Task ▸ Instruction for the entries below: return the part that opens with the line containing "В прошедшем матче" and closes with the line containing "12月14日,新时代证券股份", exactly, and no pictures.

Excerpted records ▸
-- -- --
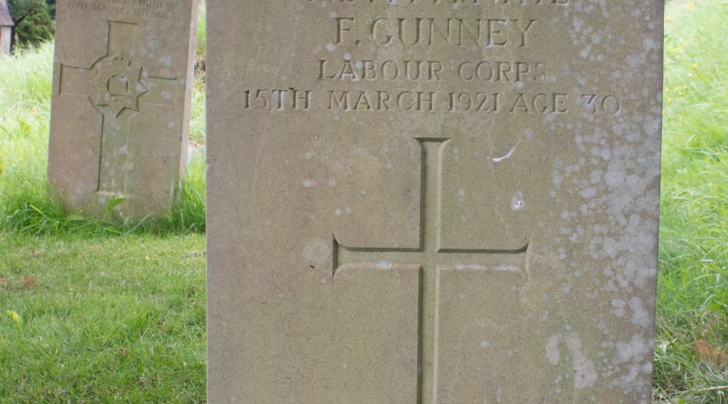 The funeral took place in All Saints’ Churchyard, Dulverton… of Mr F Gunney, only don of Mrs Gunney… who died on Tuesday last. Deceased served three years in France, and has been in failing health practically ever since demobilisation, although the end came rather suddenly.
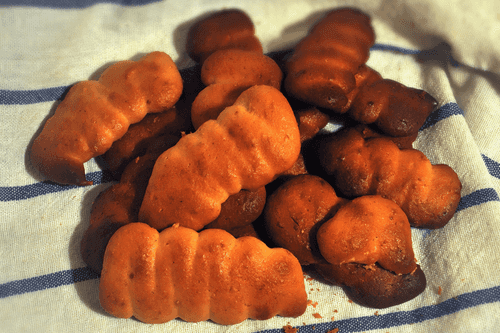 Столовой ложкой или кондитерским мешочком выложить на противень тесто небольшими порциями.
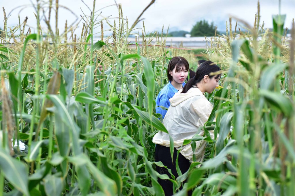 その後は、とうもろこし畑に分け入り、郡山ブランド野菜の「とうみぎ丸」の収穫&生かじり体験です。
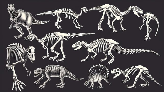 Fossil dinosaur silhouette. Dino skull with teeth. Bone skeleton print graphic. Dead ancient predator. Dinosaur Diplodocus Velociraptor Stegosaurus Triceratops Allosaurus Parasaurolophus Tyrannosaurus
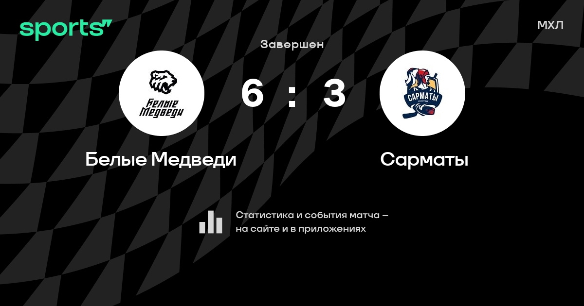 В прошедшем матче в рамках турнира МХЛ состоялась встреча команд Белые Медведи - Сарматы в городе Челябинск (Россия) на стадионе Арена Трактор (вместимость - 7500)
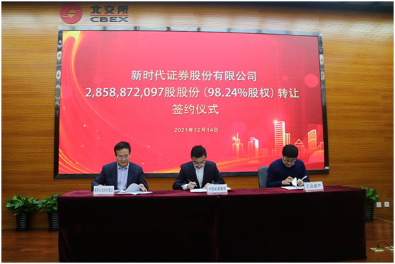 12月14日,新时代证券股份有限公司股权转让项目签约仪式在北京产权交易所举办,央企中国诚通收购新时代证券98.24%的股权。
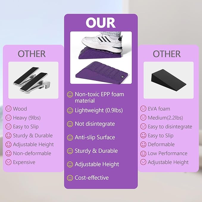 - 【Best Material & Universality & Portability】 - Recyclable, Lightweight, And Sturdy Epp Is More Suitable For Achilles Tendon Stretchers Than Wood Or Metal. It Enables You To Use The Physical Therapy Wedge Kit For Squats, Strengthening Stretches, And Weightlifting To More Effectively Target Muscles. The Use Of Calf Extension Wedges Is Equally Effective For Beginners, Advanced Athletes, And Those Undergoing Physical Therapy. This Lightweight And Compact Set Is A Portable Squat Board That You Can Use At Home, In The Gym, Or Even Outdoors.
-- -- --
Your response ▸
 В прошедшем матче в рамках турнира МХЛ состоялась встреча команд Белые Медведи - Сарматы в городе Челябинск (Россия) на стадионе Арена Трактор (вместимость - 7500)
 12月14日,新时代证券股份有限公司股权转让项目签约仪式在北京产权交易所举办,央企中国诚通收购新时代证券98.24%的股权。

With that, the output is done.